* Dataset extract:

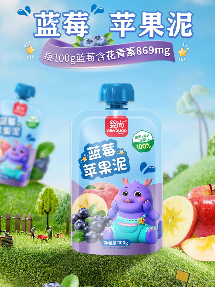 婴尚蓝莓苹果选用泥智利🇨🇱进口的苹果、蓝莓,好品质、无添加,每100g蓝莓含花青素869mg,助力宝宝视力健康发育
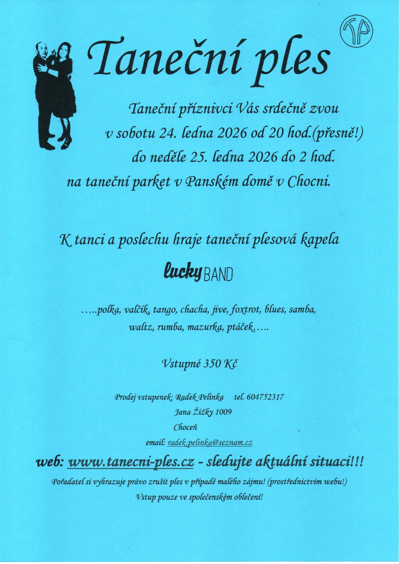Další ples se bude konat 24.1.2026. Lístky již v prodeji.
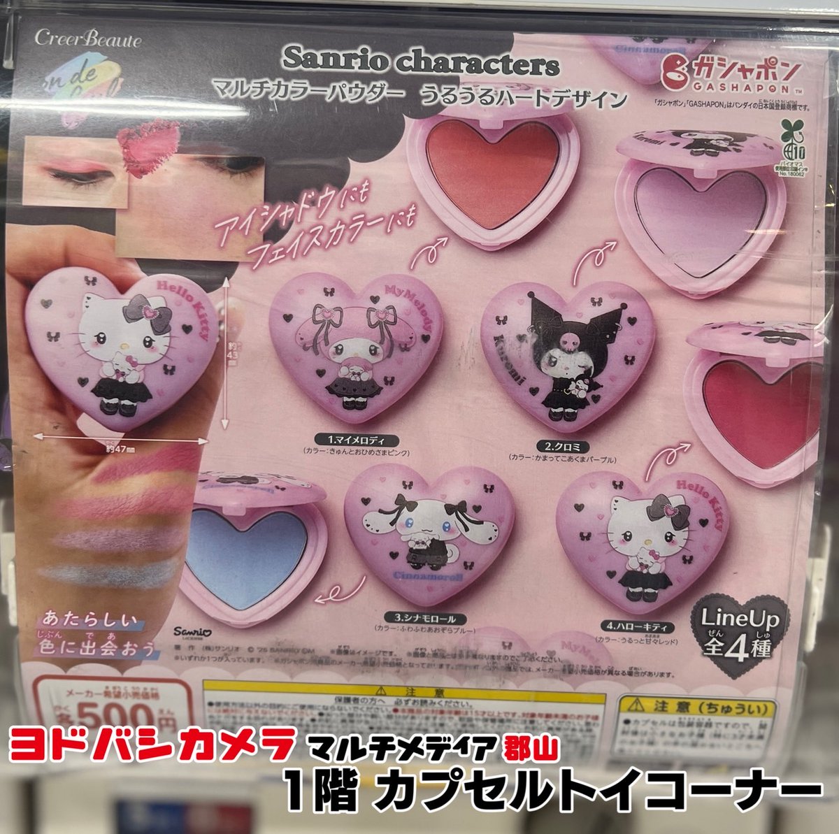 ヨドバシ郡山1階カプセルトイ販売情報‼️ ポンデクルール サンリオキャラクターズ うるうるハートデザイン マルチカラーパウダー サンリオキャラクターズ あたまこつんフィギュア バンダイ公式 どこでも!ガシャポンハンドル2 本屋さん ブックチャーム2
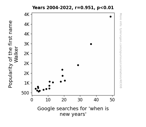 This means 90.5% of the change in the one variable (i.e., Google searches for 'when is new years') is predictable based on the change in the other (i.e., Popularity of the first name Walker) over the 19 years from 2004 through 2022.

* Assignment:
Since only the text is needed, retype the data above exactly and omit the pictures.

* The completed task:
 婴尚蓝莓苹果选用泥智利🇨🇱进口的苹果、蓝莓,好品质、无添加,每100g蓝莓含花青素869mg,助力宝宝视力健康发育
Další ples se bude konat 24.1.2026. Lístky již v prodeji.
 ヨドバシ郡山1階カプセルトイ販売情報‼️ ポンデクルール サンリオキャラクターズ うるうるハートデザイン マルチカラーパウダー サンリオキャラクターズ あたまこつんフィギュア バンダイ公式 どこでも!ガシャポンハンドル2 本屋さん ブックチャーム2
 This means 90.5% of the change in the one variable (i.e., Google searches for 'when is new years') is predictable based on the change in the other (i.e., Popularity of the first name Walker) over the 19 years from 2004 through 2022.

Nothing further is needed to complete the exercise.